Ho sempre pensato che la sordità si vince con la cultura. Un sordo ignorante è doppiamente svantaggiato (handicappato) perché non sa interpretare i significati della lingua scritta e parlata del proprio Paese. Pertanto è fondamentale, per il progresso sociale del sordo, impegnarsi per un’efficace scolarizzazione nella scuola pubblica. Ho scritto, qualche anno fa, un lvolumetto polemico contro la allora ministro della P.I., Letizia Moratti, rifacendomi alla proposta del Priore di Barbiana, Don Milani. Il titolo del libro, firmato con lo pseudonimo «Scuola di Silenzio», Lettera ad una Ministro (e dintorni), Armando, Roma 2005, non ha avuto, ovviamente, risonanza sui giornali e/o riviste nazionali perché non ho ‘entrature’ negli stessi né sono furbo a creare casini. I burocrati del ministero e gli interessati del governo, anche perché le elezioni politiche erano alle porte, si guardarono di scendere in polemica con un protagonista. Questo muro di gomma mi irritava molto. Durante le riunioni al ministero ero presente. Ricordo la coordinatrice del Gruppo, D.ssa Maiolo, del Gabinetto della ministro, ora al comune di Milano a seguito della Moratti, combattuta, durante le riunioni delle associazioni nell’ampia sala adiacente la segreteria del ministro, verso di me tra ammirazione e rabbia di buttarmi fuori. Frenata tuttavia nell’agire perché componente ufficiale, per l’Associazione ENS, del gruppo di lavoro del ministero per «l’integrazione degli handicappati».
Un Paese che nasconde proposte per il progresso scolastico e culturale dei disabili sensoriali gravi, sordi e ciechi, è destinato a peggiorare di anno in anno nell’istruzione pubblica, viene meno alla principale funzione di Stato democratico per le pari opportunità tra ricchi e poveri, disabili e normali.
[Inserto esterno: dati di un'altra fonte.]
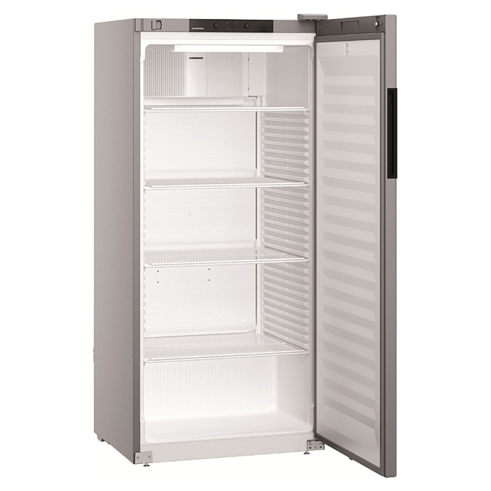 Холодильный шкаф Liebherr MRFvd 5501 класса Performance предназначен для охлаждения и хранения напитков на предприятиях общественного питания и торговли. Модель оснащена механическим управлением с поворотным регулятором, цифровым дисплеем, на котором выводится температура с точностью до 1 градуса, встроенной боковой ручкой, регулируемыми решетчатыми полками, перенавешиваемой самозакрывающейся дверцью с петлями справа и механическим замком и регулируемыми ножками. Внутренняя прокладка выполнена из полистирола профессионального применения, корпус - из стали, покрытие решеток - из пластика, ножки - из оцинкованной стали.
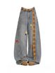 American Cartoon Towel Embroidery Jeans For Women, Spring And Autumn Design, High Waist, Loose Wide Leg Scimitar Pants
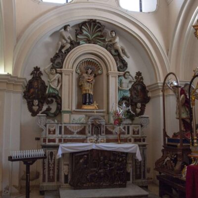 Essa non è da sola, ma accompagnata da quelle di San Michele e San Francesco. Tutte e tre le statue vengono portate nel centro del paese con una sentita fiaccolata. Per l’occasione il paese è addobbato a festa e sono da sempre proposti spettacoli musicali e pirotecnici.
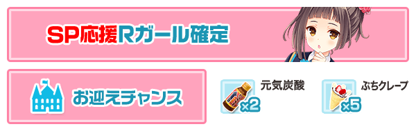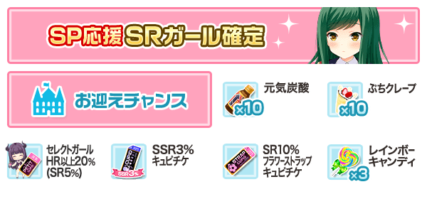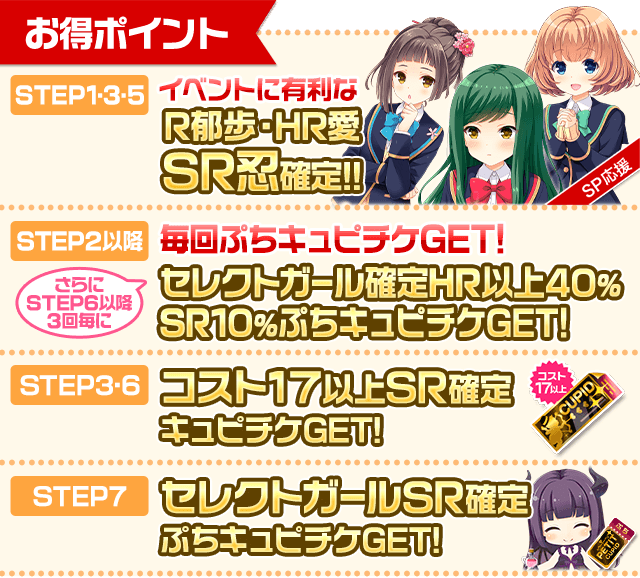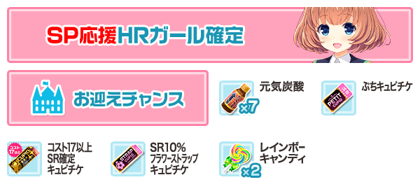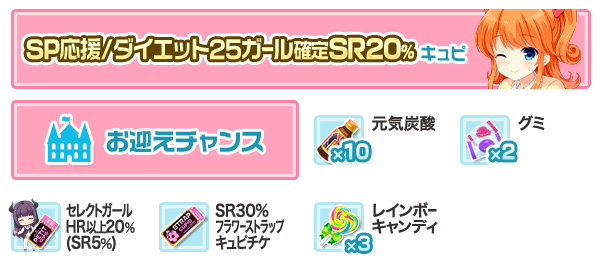 ※「SP応援/ダイエット25ガール確定SR○%キュピ」は、SR[ダイエット25]相楽エミ、SR[ダイエット25]望月エレナ、SR[ダイエット25]川淵一美、SR[ダイエット25]九重忍、HR[先輩エール21]小倉愛、R[防災訓練16]伊勢崎郁歩のうちいずれかのガールと必ず出会え、中でもSRガールの出現割合が○%のキューピッドです。

La cultura che io sognavo - e proponevo - era oltre, non bazzicava il sottobosco culturale. Durante gli anni romani avevo frequenza di contatti con Cesare Zavattini che, più volte, mi aveva portato nella famosa radiotrasmissione «Chiamate Roma 3131». Per un sordo non è facile parlare alla radio. Perché non può ascoltarsi. Ricordo la pazienza dello scrittore e sceneggiatore Zavattini nell’insistenza a ripetere quel che volevo dire. Mi teneva, prima di andare in onda, un’ora di esercitazione di prove. Mi consigliava come ’staccare’ le parole, anche sentendo con la mano, tenuta a contatto della gola, le vibrazioni delle corde vocali, «altrimenti te le mangi» diceva. Per non deluderlo mi impegnavo molto per non creare un’insalata di fonemi: esperienza che mi sarà utile nella professione di psicologo e nelle lezioni all’Università di Macerata.
Nel 1981, con gli amici sordi del Centro culturale per sordi di Civitanova Marche, proposi un concorso nazionale di poesia a tema fisso: «Handicappato, chi sei?». Era intenzione verificare cosa pensassero, i cosiddetti normali, sulle realtà dell’handicappato, come comunemente era indicato. Al concorso parteciparono oltre 150 poeti di tutt’Italia. La Giuria, presieduta dal prof. Luigi Martellini di Fermo, qualche anno dopo sarà professore ordinario di Letteratura italiana all’Università della Tuscia, Viterbo, era composta dal poeta prof. Guido Garufi di Macerata, dal giornalista Dr. Giampiero Cavalli di Civitanova Marche e da me. Vinse il concorso Francesco Mannoni di Arzachena, Sassari con la poesia «Inno», con la seguente motivazione: «Per la problematica del discorso poetico e la complessa articolazione del linguaggio che si svolgono attraverso una ricerca stilistica e formale autonoma e sicura, densa di significati e carica di introspezioni psicologiche». Riporto il testo.
Inno
- Mi doneranno certo chiare immagini, altra indulgenza e pause
- fossilizzate nel clamore indegno che impiaga tutta la mia vita.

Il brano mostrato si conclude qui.